Я вымученно улыбнулась.
– А вот я, судя по твоему выражению лица, выгляжу хуже некуда.
– Неправда… – неубедительно пискнула я.
– Давай-ка договоримся: никакого вранья между нами. Мне тут и так слишком много заливают, а я делаю вид, будто верю. Не для себя, а для них – кажется, им так легче. Но ты девушка умная, и я не хотела бы жалеть, что позвала тебя. Я даже священника звать не стала, понятно? – Она перевела дух. – Теперь присядь.

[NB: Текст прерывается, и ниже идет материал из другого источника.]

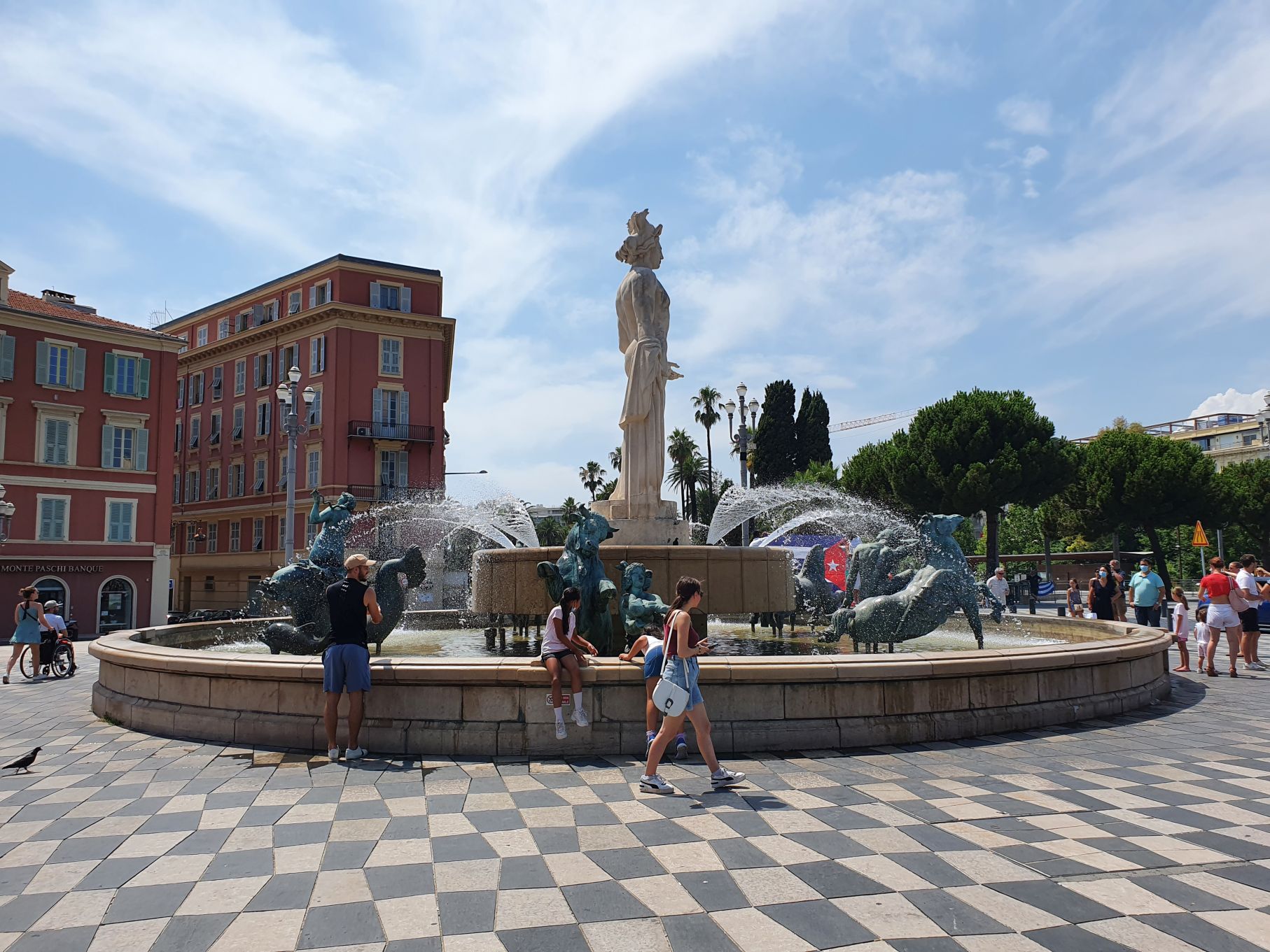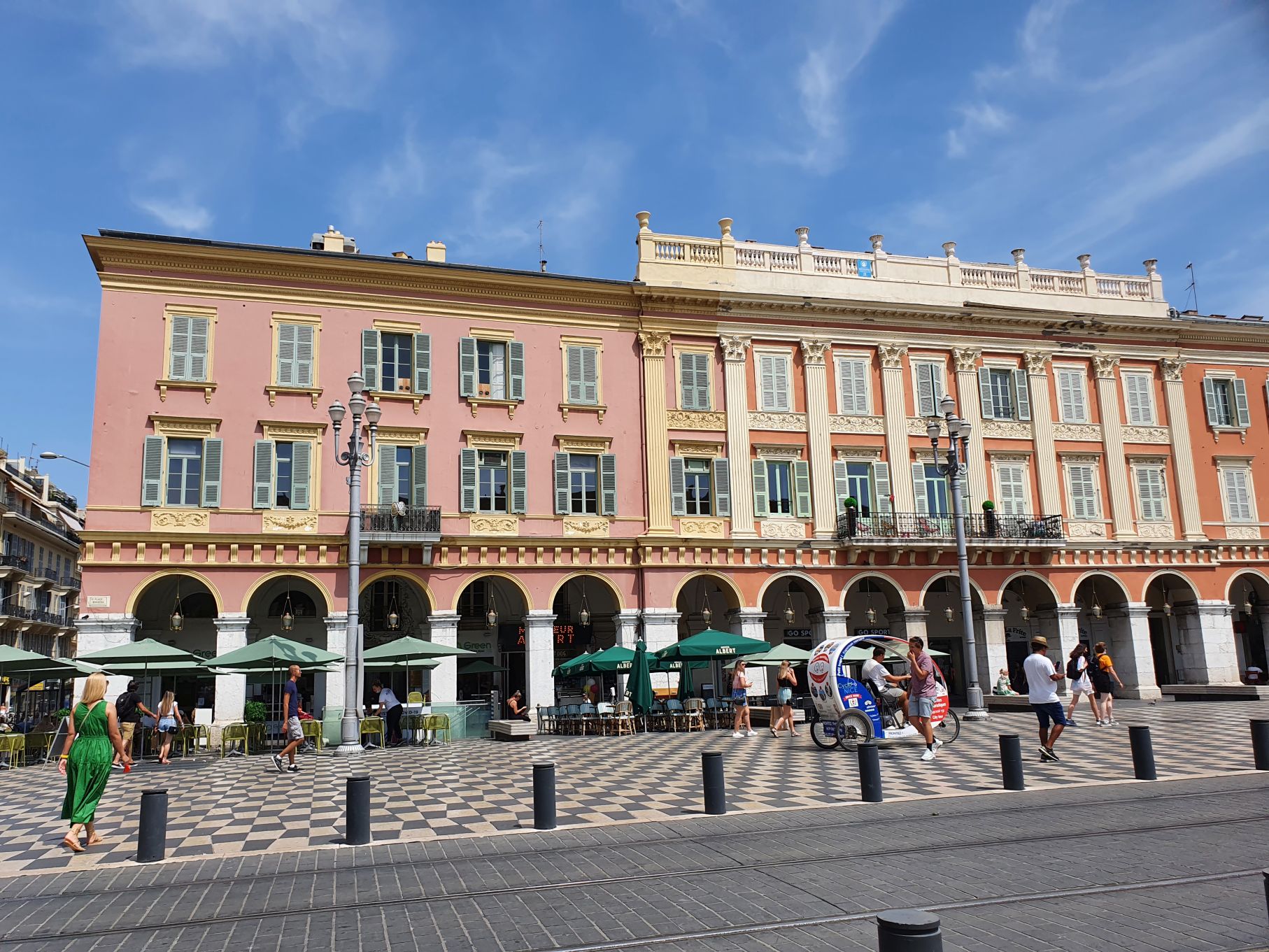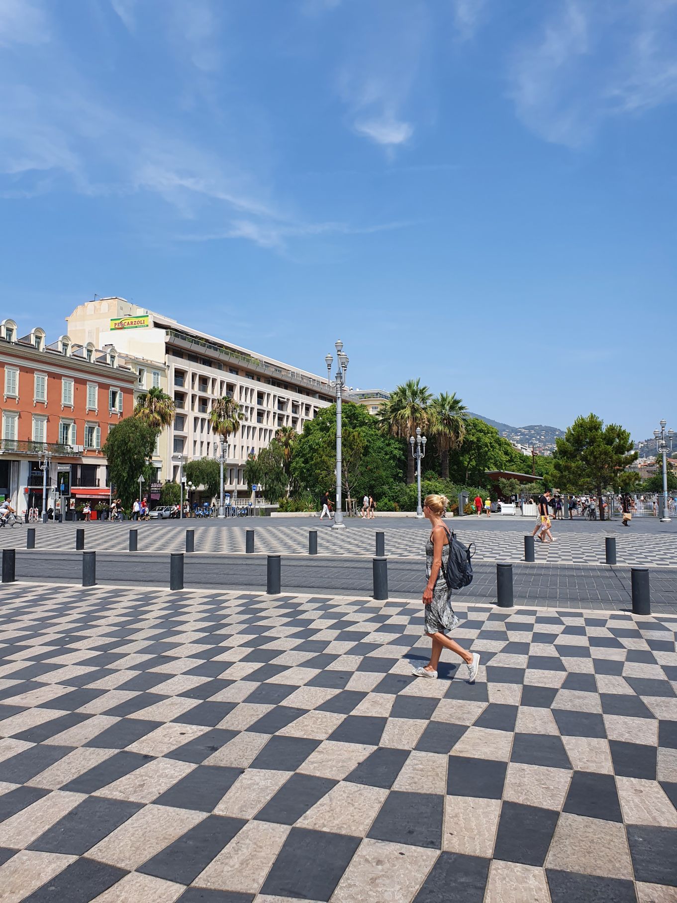 Wenn man am Ende der Promenade des Anglais links Richtung Stadt abdreht, kommt man direkt zum Place Masséna, dem Herzen Nizzas. Der Place Masséna erinnert mit seinem schwarz-karierten Pflaster und den ockerfarbenen Gebäuden aus dem 19. Jahrhundert sehr an das nahe Italien und verleiht ihm ein einmaliges Flair. Auch auf diesem Platz herrscht tagein, tagaus reges Treiben. Abends zeigen Strassenkünstler:innen ihr Können und Cafés laden zum Verweilen ein. Im Winter findet auf dem Place Masséna anscheinend ein Weihnachtsmarkt statt, das stelle ich mir sehr stimmungsvoll vor.

Я подчинилась. Краем глаза скользнула по стенам, увешанным рамками: кругом были портреты улыбающейся, сияющей Беатриче и всей остальной семьи. Потом отвела взгляд.
– Мы не нашли общего языка, мы с тобой. Но теперь все изменилось. – Она подалась вперед. – Я уже плохо вижу, но у тебя, кажется, губы накрашены?
– Да, – соврала я.
– Правильно. Это не ерунда, как некоторые думают. Это достоинство. Нужно выглядеть как можно лучше в любых обстоятельствах.
Я знала, что она уже не различает цветов. И через один-два дня совсем ослепнет. Метастазы распространились с костей на мозг и теперь разъедали зрительный нерв.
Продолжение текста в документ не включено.